Figure 5:. Acute losartan administration dramatically reduces Iso-induced injury in dystrophic hearts.

(A) Angiotensin II type 1 receptors (AT₁R) are G protein-coupled receptors that can be activated by angiotensin II (Ang II) and blocked by losartan. Top: Mice were treated with bolus injections of losartan (green) 1 hour prior to Iso administration (red), and at regular intervals over 30 hours following Iso injection. (B) 30 hours after Iso, losartan treatment caused no significant change in wild type (C10) cardiac injury, resulting in similarly low levels of acute Iso-induced injury in wild type and dystrophic hearts with losartan treatment. Untreated C10 and mdx data originally presented in Fig. 1B, shown here for comparison. (*** indicates p<0.001; interaction p=0.02; n = 10-17 mice per group). (C) Representative images of data shown in panel B. Whole hearts are shown with WGA (green) marking the total tissue area and IgG (red) indicating areas of acute myocyte injury.
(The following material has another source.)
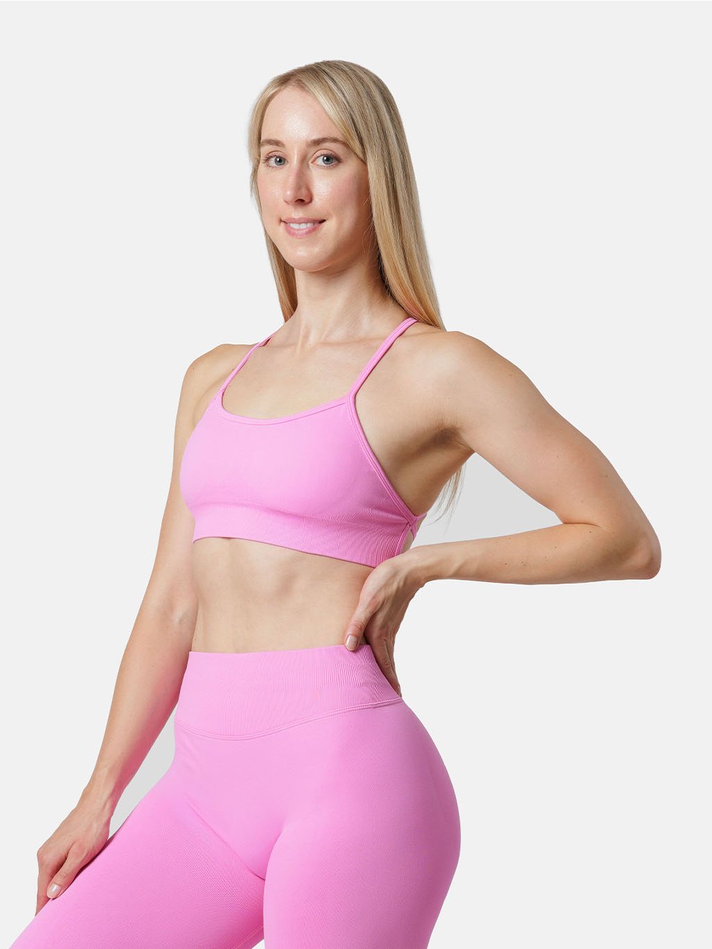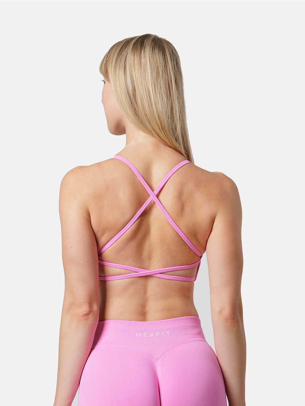 Růžová sportovní podprsenka s jemným stínováním podtrhne krásu dekoltu a okouzlí ladným překřížením ramínek na zádech.

Scale bar = 1mm. (D and E) CD45⁺ and CD68⁺ areas with and without losartan in wild type and mdx hearts, in both lesion and non-lesion areas. (*** indicates p<0.001, ** indicates p<0.01, * indicates p=0.03 vs. same domain without losartan; ### indicates p<0.001, ## indicates p<0.01 difference in total immune area; n = 9-13 mice per group). (F) Representative images for data shown in panels D and E, with CD45⁺ cells shown in green and CD68⁺ cells shown in cyan. Cardiac lesions are indicated by endogenous IgG uptake (red). Each panel is 0.25 mm².